More achy breaky heart ache for landlord and tenants

There has been another interesting decision affecting the exercise of break options. In SiemensHearing Instruments v Friends Life Limited (12 July 2013) the High Court held that the tenant’s break notice was valid even though it did not comply with one of the requirements of the break provision. In this case the break provision made it clear that the break notice should be expressed to be given under Section 24(2) of the Landlord & Tenant Act 1954.  The tenant did not include this in their notice and therefore the landlord challenged its validity on this basis. 

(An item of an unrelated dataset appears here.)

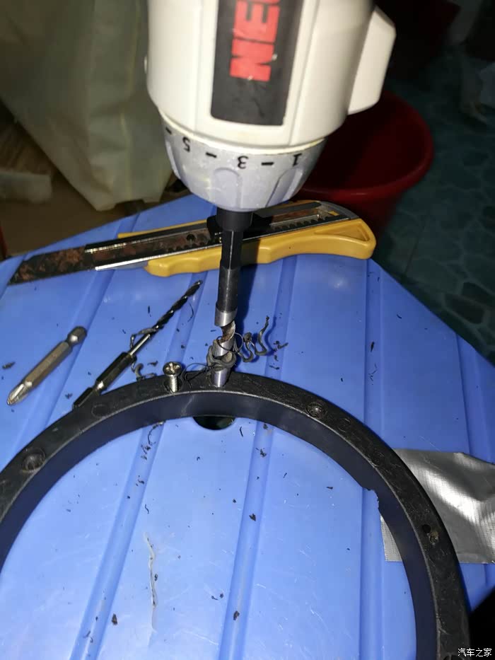 原厂的喇叭垫安装新喇叭有问题,所以还是要用通用的6.5寸喇叭垫,动手改造!手电起子配钻头差不多是改装的最佳配置了。图中是打算原孔位安装,直接开孔固定在车门会令车门生锈,最好是原孔安装了。

The decision in Mannai Investment Co. Ltd v. Eagle Star Life Assurance Company Limited 1997 established that the construction of a break notice had to be approached objectively and whether or not a reasonable recipient would have understood what the notice intended to do.  However, this has to be read against the subjective requirements of the break clause.  The famous quote from Lord Hoffman sitting on this case is “if the clause had said that the notice had to be on blue paper, it would have been no good serving a notice on pink paper, however, clear it might have been that the tenant wanted to terminate the lease”. 

The court reached their decision not because they felt that the clause was helped by Mannai, as on this basis it decided that the notice did not comply with the provision, but because the court moved on to consider the consequences of the non-compliance with the notice. They made it clear that where the statute or contract term provides that a noncompliant notice will be invalid or ineffective that will be the end of the matter.  However, where it does not, the court must assess the statutory or contractual intention by the usual objective criteria, including the background and purpose of the provision and the effect of non-compliance. 

Looking at the form of this particular break provision, the fact that the notice was to be specified as being under section 24(2) did not have a specified consequence for noncompliance, whereas other conditions did and as this was a well drafted and considered lease, the parties could not have intended deviation from this condition to have a consequence.  

This decision has surprised many commentators as, having established it was a requirement of the break option to include the wording in relation to section 24(2), it seemed sensible to conclude that the exercise of the break would have failed without considering the issues further. Therefore most commentators think this decision is likely to be appealed so watch this space.

It serves as yet another reminder that break options should always be considered carefully when drafting and exercising them!